▶ _DATA EXTRACT_:
....
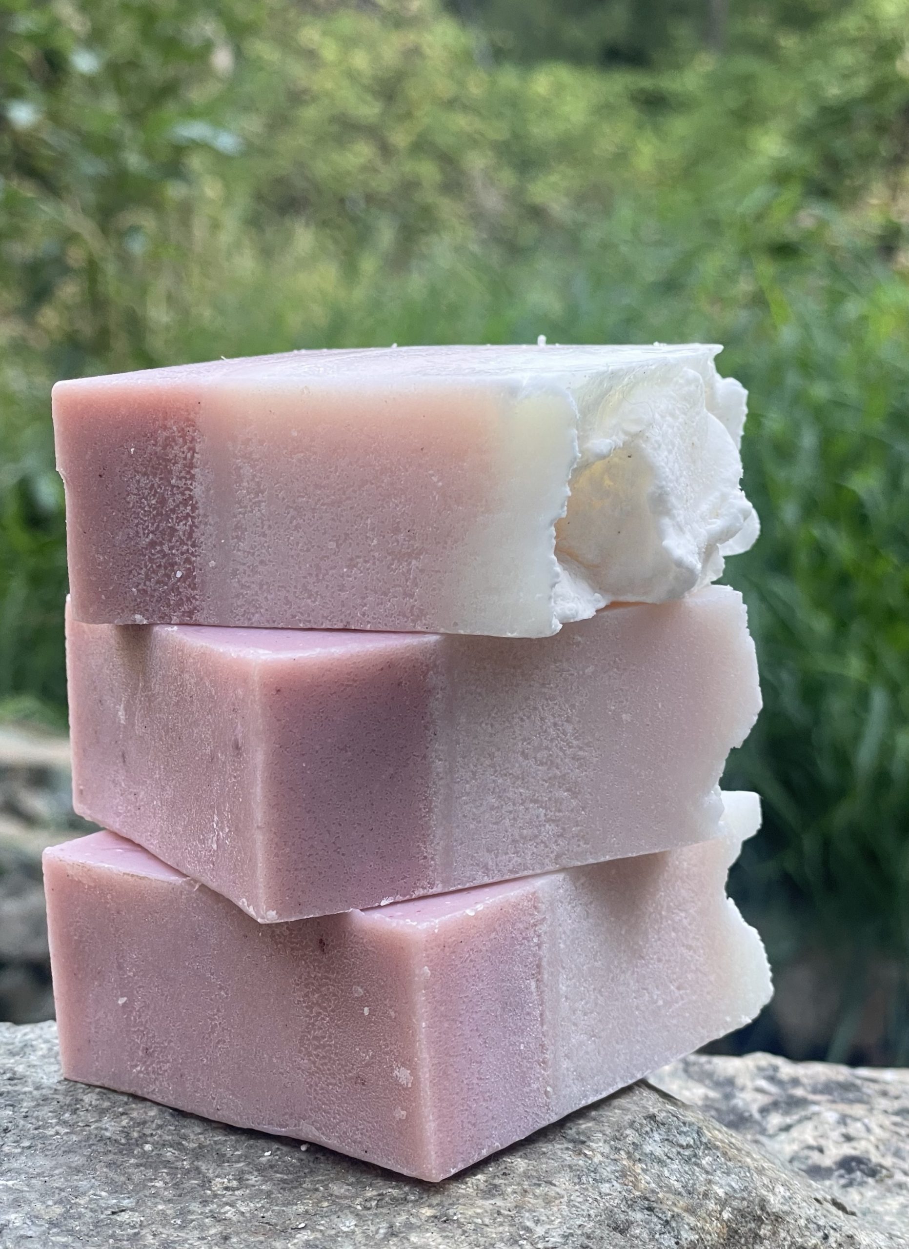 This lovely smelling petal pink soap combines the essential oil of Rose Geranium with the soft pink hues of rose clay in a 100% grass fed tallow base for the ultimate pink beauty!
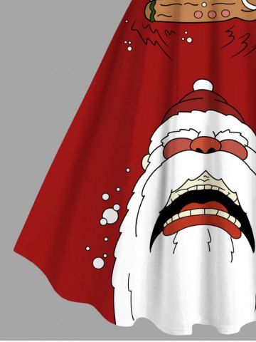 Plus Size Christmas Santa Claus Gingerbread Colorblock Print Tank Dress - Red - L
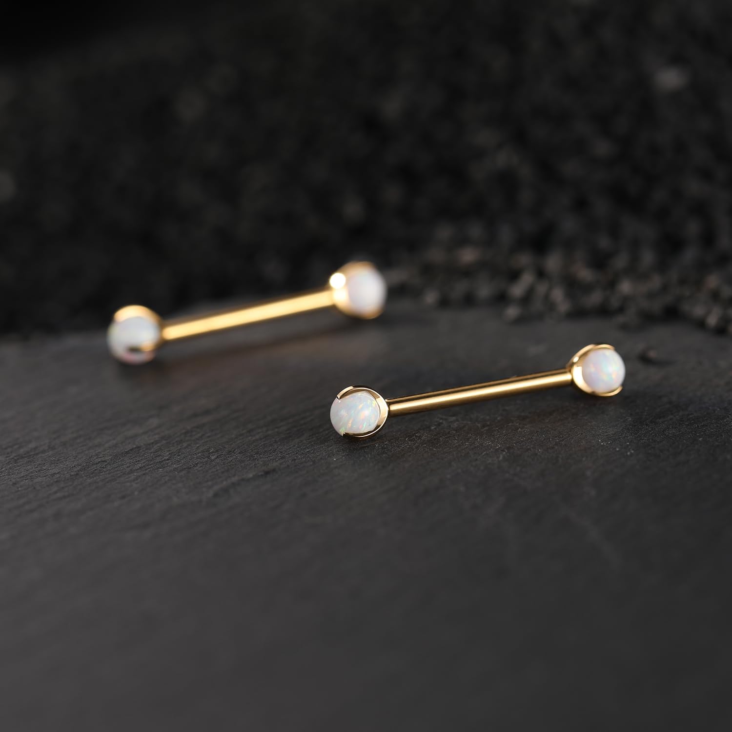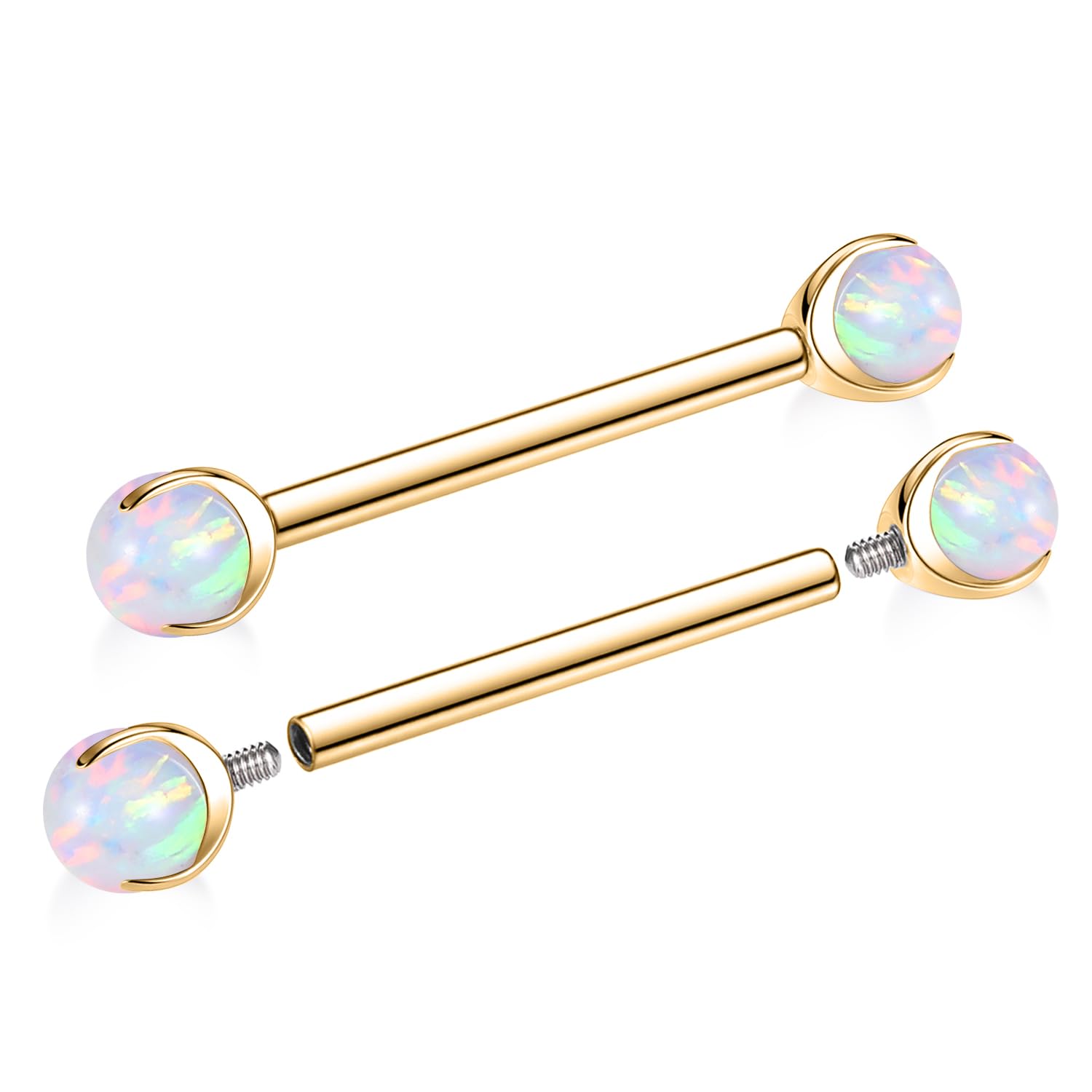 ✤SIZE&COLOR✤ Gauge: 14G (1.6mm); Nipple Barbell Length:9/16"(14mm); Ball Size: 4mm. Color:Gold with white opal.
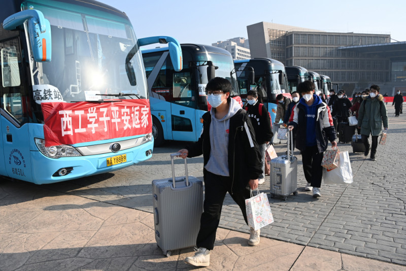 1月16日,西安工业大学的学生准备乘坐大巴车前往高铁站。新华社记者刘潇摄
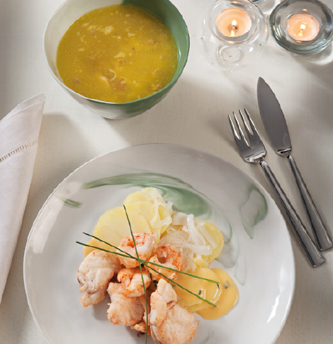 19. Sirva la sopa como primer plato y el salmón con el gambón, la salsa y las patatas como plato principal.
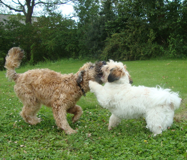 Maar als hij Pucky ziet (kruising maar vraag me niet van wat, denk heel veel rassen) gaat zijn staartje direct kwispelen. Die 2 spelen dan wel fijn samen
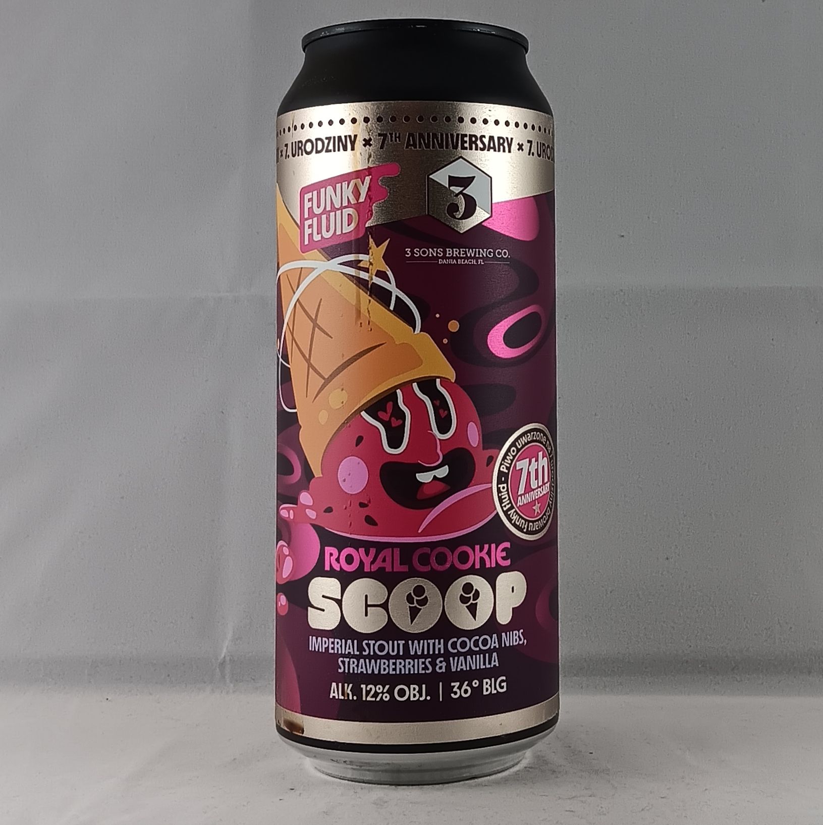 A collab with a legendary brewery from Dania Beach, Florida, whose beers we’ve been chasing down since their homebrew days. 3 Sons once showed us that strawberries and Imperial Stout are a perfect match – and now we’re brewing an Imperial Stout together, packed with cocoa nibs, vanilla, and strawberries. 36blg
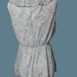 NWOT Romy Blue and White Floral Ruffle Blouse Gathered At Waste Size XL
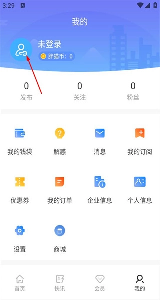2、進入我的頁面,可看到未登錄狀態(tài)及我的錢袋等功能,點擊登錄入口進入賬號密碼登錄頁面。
....
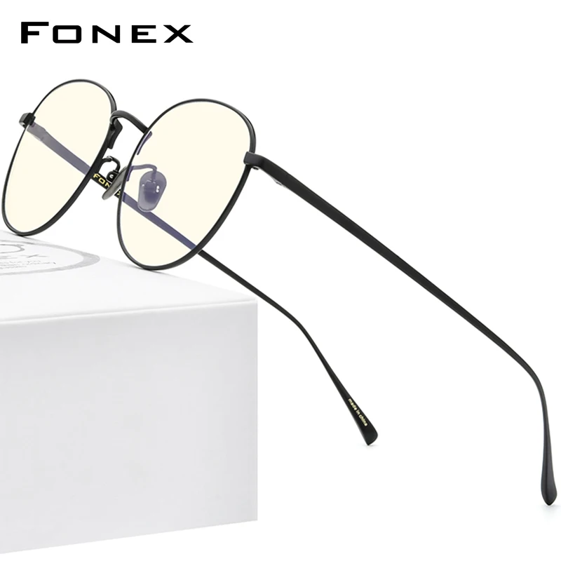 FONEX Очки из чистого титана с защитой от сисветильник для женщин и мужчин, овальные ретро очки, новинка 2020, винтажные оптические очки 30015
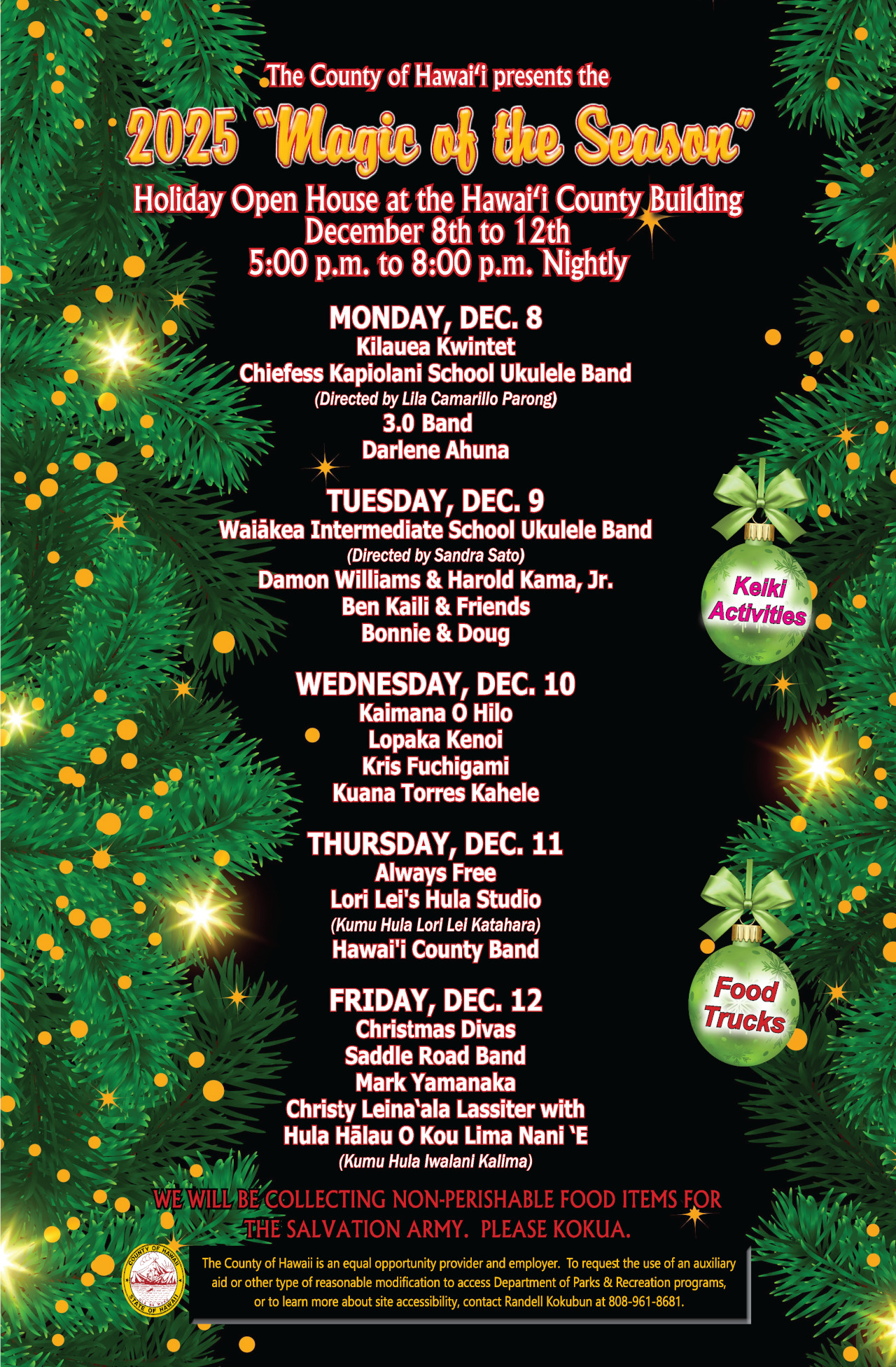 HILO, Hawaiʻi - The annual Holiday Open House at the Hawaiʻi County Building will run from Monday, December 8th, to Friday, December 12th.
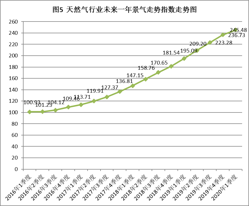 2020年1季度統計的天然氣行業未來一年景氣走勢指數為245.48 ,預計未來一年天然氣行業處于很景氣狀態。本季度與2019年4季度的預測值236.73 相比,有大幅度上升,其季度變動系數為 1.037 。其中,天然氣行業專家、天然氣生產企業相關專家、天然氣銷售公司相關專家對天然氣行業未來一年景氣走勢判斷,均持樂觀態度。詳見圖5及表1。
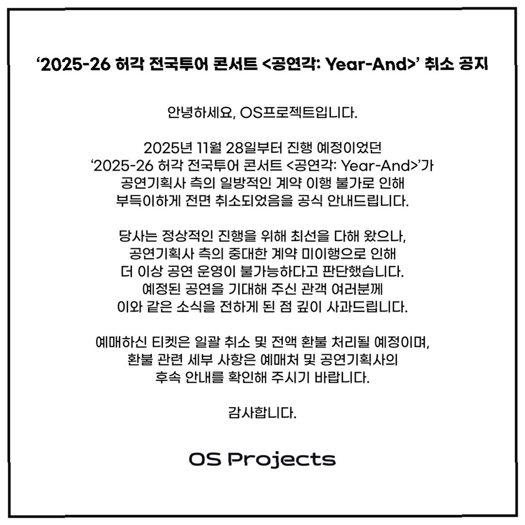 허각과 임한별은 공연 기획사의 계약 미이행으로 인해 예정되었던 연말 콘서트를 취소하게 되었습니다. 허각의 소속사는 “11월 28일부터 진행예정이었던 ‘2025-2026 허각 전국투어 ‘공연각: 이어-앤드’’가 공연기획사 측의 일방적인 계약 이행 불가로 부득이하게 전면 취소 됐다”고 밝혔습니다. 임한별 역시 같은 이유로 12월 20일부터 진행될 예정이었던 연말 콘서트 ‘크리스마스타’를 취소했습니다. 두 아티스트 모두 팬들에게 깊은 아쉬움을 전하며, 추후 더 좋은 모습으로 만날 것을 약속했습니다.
....
▶ _PROBLEM DESCRIPTION_: Only one stretch of the material above is wanted: the line containing "FONEX Очки из" through the line containing "허각과 임한별은 공연". Restate it word for word, minus the pictures.

▶ _SOLUTION_:
 FONEX Очки из чистого титана с защитой от сисветильник для женщин и мужчин, овальные ретро очки, новинка 2020, винтажные оптические очки 30015
 HILO, Hawaiʻi - The annual Holiday Open House at the Hawaiʻi County Building will run from Monday, December 8th, to Friday, December 12th.
 2020年1季度統計的天然氣行業未來一年景氣走勢指數為245.48 ,預計未來一年天然氣行業處于很景氣狀態。本季度與2019年4季度的預測值236.73 相比,有大幅度上升,其季度變動系數為 1.037 。其中,天然氣行業專家、天然氣生產企業相關專家、天然氣銷售公司相關專家對天然氣行業未來一年景氣走勢判斷,均持樂觀態度。詳見圖5及表1。
 허각과 임한별은 공연 기획사의 계약 미이행으로 인해 예정되었던 연말 콘서트를 취소하게 되었습니다. 허각의 소속사는 “11월 28일부터 진행예정이었던 ‘2025-2026 허각 전국투어 ‘공연각: 이어-앤드’’가 공연기획사 측의 일방적인 계약 이행 불가로 부득이하게 전면 취소 됐다”고 밝혔습니다. 임한별 역시 같은 이유로 12월 20일부터 진행될 예정이었던 연말 콘서트 ‘크리스마스타’를 취소했습니다. 두 아티스트 모두 팬들에게 깊은 아쉬움을 전하며, 추후 더 좋은 모습으로 만날 것을 약속했습니다.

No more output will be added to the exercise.